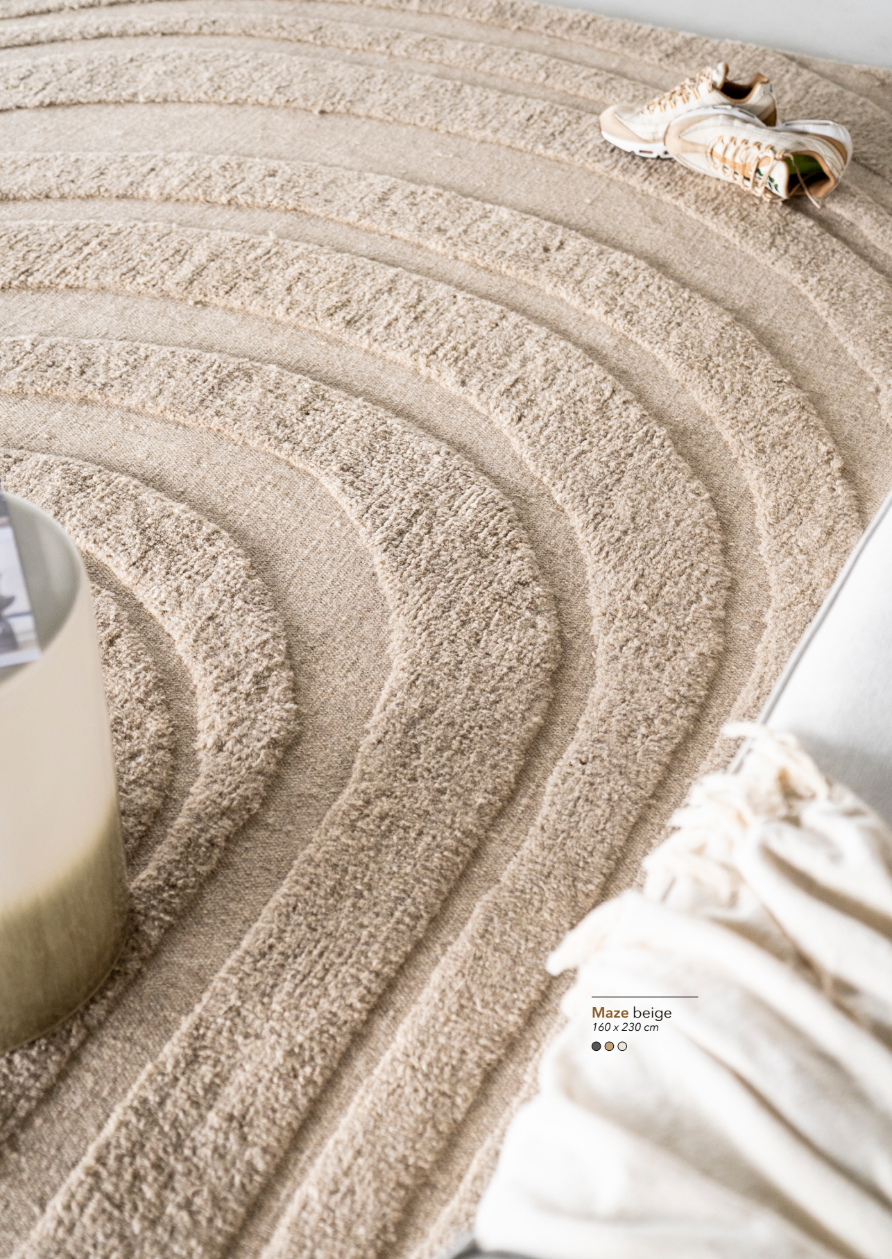
Maze beige 160 x 230 cm ● ● ●
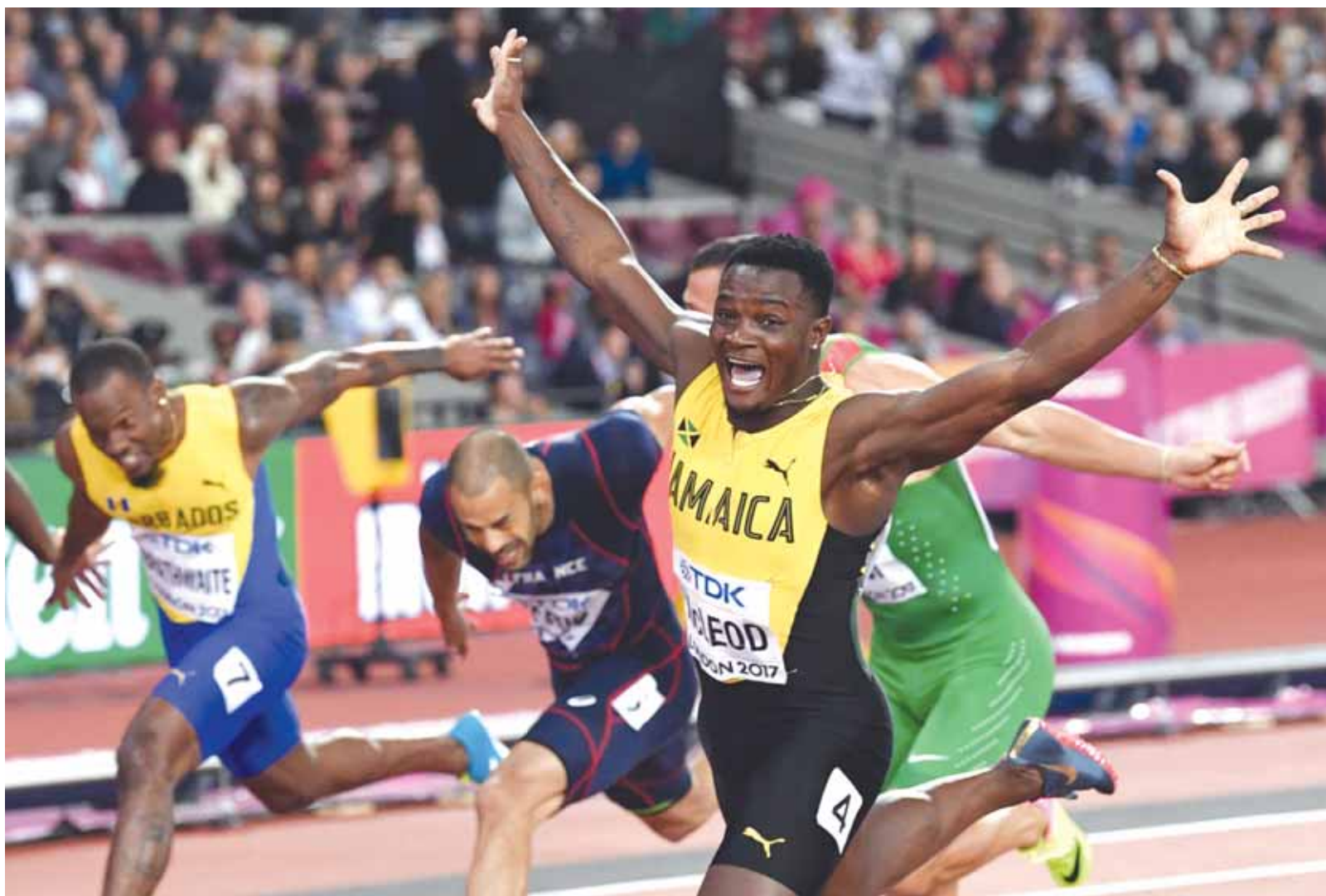
Jamaica's Omar McLeod (right) celebrates winning the men's 110m hurdles final at the 2017 IAAF World Championships in London on Monday.
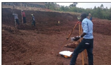
Because of the uneven terrain, the site required considerable excavation along with the construction of lines for both water and electricity.

The recent General Chapter of the Sisters have been informed about the progress of this work and they are happily anticipating the start of their first educational apostolate in Africa.
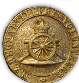
Lot 132 Reduced
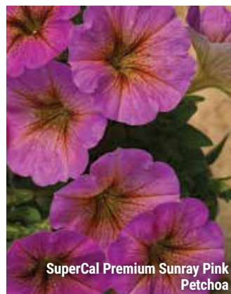
SuperCal Premium Sunray Pink Petchoa
---------------
▶ **Task description**: Your task is to write out, exactly and without pictures, only the lines from the one holding "Lot 132 Reduced" to the last line of the data.

▶ **Final answer**:
Lot 132 Reduced
SuperCal Premium Sunray Pink Petchoa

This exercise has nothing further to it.